In a case with somewhat bizarre facts [see Pennsylvania State Univ. v. Workers’ Comp. Appeal Bd. (Rabin), 2012 Pa. Commw. LEXIS 245], a Pennsylvania appellate court recently affirmed an award of death benefits to the widow of a college professor who died from complications related to surgery on a broken arm and a dislocated shoulder. The professor sustained the injuries when he fell at a restaurant salad bar during a lunch meeting with a student; the two were discussing the student’s upcoming defense of his doctoral thesis. The professor was chairperson of the student’s dissertation committee and the student and professor had met regularly to discuss the student’s doctoral material. Other evidence suggested that the professor had met with students in off-campus restaurant settings on a number of other occasions.
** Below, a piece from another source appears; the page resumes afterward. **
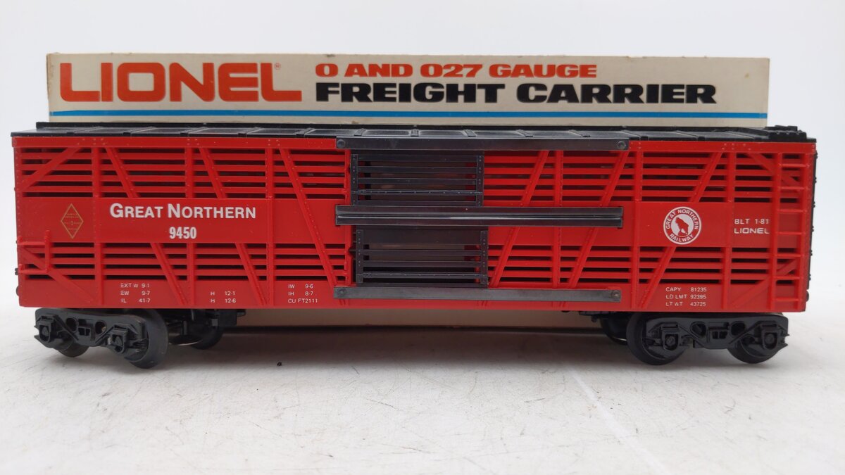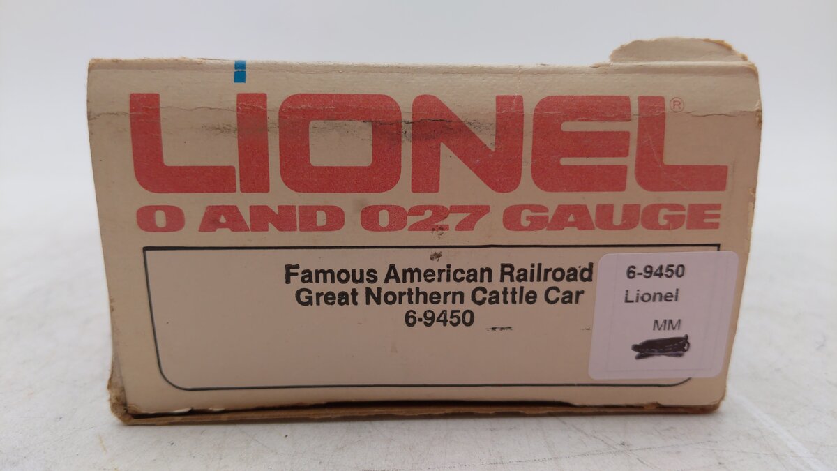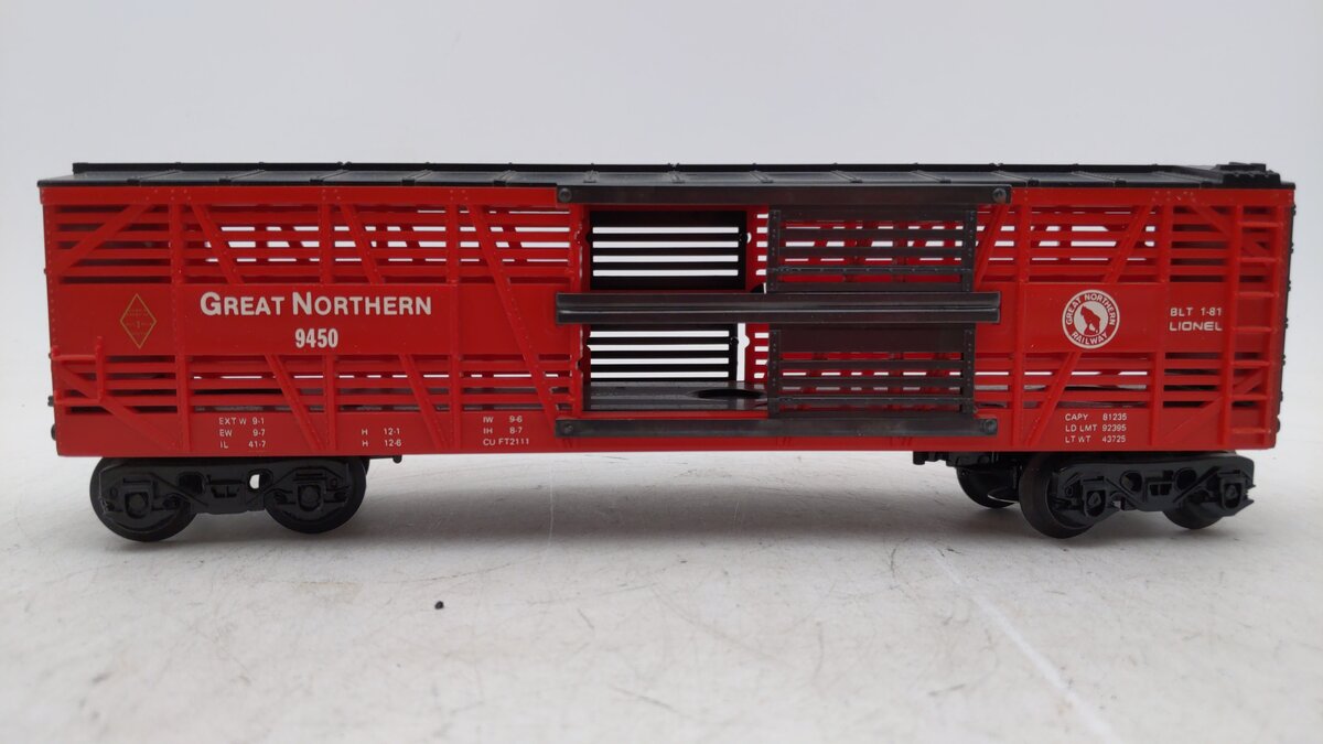 Here is a Lionel 6-9450 O Gauge Great Northern Cattle Car. Features include durable plastic construction, metal frame, sliding doors, operating knuckle couplers, plastic trucks and metal wheels and axles.

The university contended that the widow failed to meet the burden of proof that the professor’s injuries had been sustained within the course and scope of the employment, that the professor was a stationary employee on a lunch break at a public restaurant when he fell and, therefore, the injuries were not compensable. The appellate court agreed that the general rule provides that employees are on their own time at lunch and an off-premises injury is not ordinarily sustained in the course of one’s employment. The court observed, however, that the relevant Pennsylvania statute [77 P.S. § 411 (2012)] included within the definition of injury any injury sustained while actually engaged in the furtherance of the business or affairs of the employer, whether upon the employer’s premises or elsewhere. The court noted that the WCJ found that the professor and doctoral student planned a multiple-hour meeting, including a working lunch, in direct furtherance of Penn State’s affairs. On these facts, the professor’s trip to the salad bar could not logically be construed as anything more than an inconsequential departure from his work as a professor, in which he was essentially engaged at the time.